The experience of having my friends over for their premiere was an intense and wonderful one, but at times also exhausting from high energy, sensory overload that came with the parties, the screenings and finally being able to spend time with close friends again. During this week I was introduced to Sanjay Rawal, every time we talked there was a much welcomed sense of calmness and being in control of the situation coming from Sanjay.
Fast forward two years and there is finally a chance to meet Sanjay again, this time together with Ane. It was our first week in Tokyo, and both Ane and I were exhausted from the jet lag and from coming to terms with the fact that we actually started our three month Japan adventure. Sanjay had all rights to be even more exhausted as he had just finished an intense series of shoots for his new project 3100 (https://www.instagram.com/3100film/), but if it wasn’t for his stories we would not have noticed. He managed to once more radiate a sense of calmness and control, that helped Ane and I to ground in Japan and feel energized to start the Ane&Ivar project.
On our quest to find a restaurant in Ginza Sanjay stopped in front of a facade of thin bamboo slats and asked us what we thought of eating there. Ane and I admitted that we had no idea what kind of restaurant was waiting behind this bamboo wall as there weren’t any visible signs, other than a menu card in Japanese. Sanjay suggested that as the wall had such a great vibe we should go in and let ourselves be surprised.

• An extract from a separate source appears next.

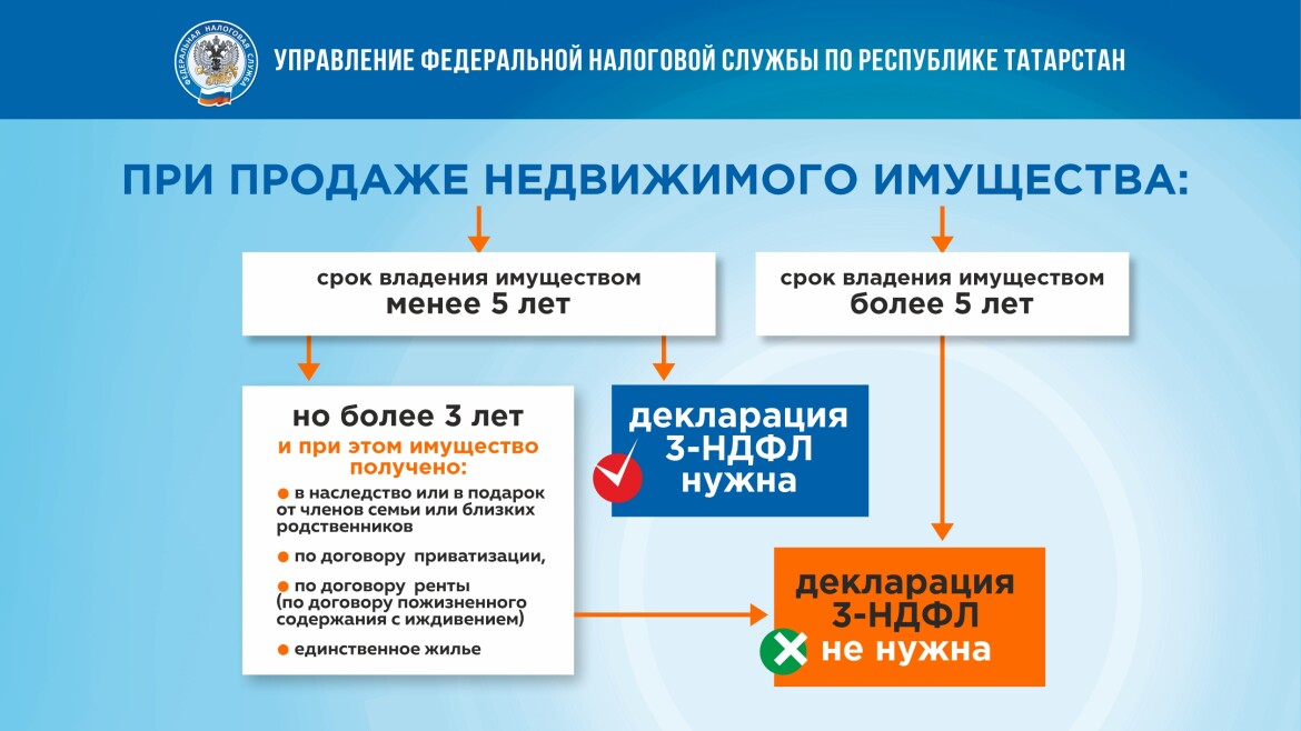 Сафиуллин напомнил, что минимальный предельный срок владения имуществом составляет пять лет. Но есть исключения из этого правила: минимальный срок владения, при котором необязательно представлять декларацию, составляет три года, если имущество получено в наследство или в подарок от членов семьи или близких родственников, по договору приватизации, по договору ренты, или если продано единственное жилье. При продаже иного имущества, включая транспортные средства, минимальный срок владения составляет три года.

Passing through a small door we left the busy Ginza streets behind and descended the narrow stairs into what felt like an oasis of peacefulness. We were invited to replace our shoes with slipper and brought to a secluded table where we once more, were faced with the inability to understand what type of restaurant this was, none of us was able to read the menu. Luckily the waitress knew a few words in English and we were able to order the chef's recommendation. What followed was a multi course dinner with a balance like any other I have ever experienced. Not only did each ingredient taste, colour, structure and smell perfectly align with the other ingredients, over the entire dinner there was a very delicate balance between the courses.
During this evening we discussed a wide range of topics but the one that stuck with me is the conversation that we had while Ane visited the restroom. I confided in Sanjay that while I was excited for our journey, I was also nervous and scared, traveling together with a partner for the first time as well as doing the project. Talking about this with Sanjay has helped me to give the fear for the unknown relationship challenges a place, a place where they did not interfere with being open for the good things that were even more likely to happen.
Those who have been following the Ane&Ivar project probably realise that this evening was the perfect reason to include Sanjay in our project. But the opportunity for a portrait didn't arise till we met again, this time in Kyoto, at the end of our three month trip when Sanjay and his crew had once more come back to Japan for their final shoot with the Japanese marathon monks.
On their last night we joined Sanjay and his crew for dinner and then it became clear that Sanjay is not only a very talented director with an inspiring calmness over him, he is also a very talented recruiter as both the Food Chains and 3100 crew were made up of the most talented and kindest people you can find.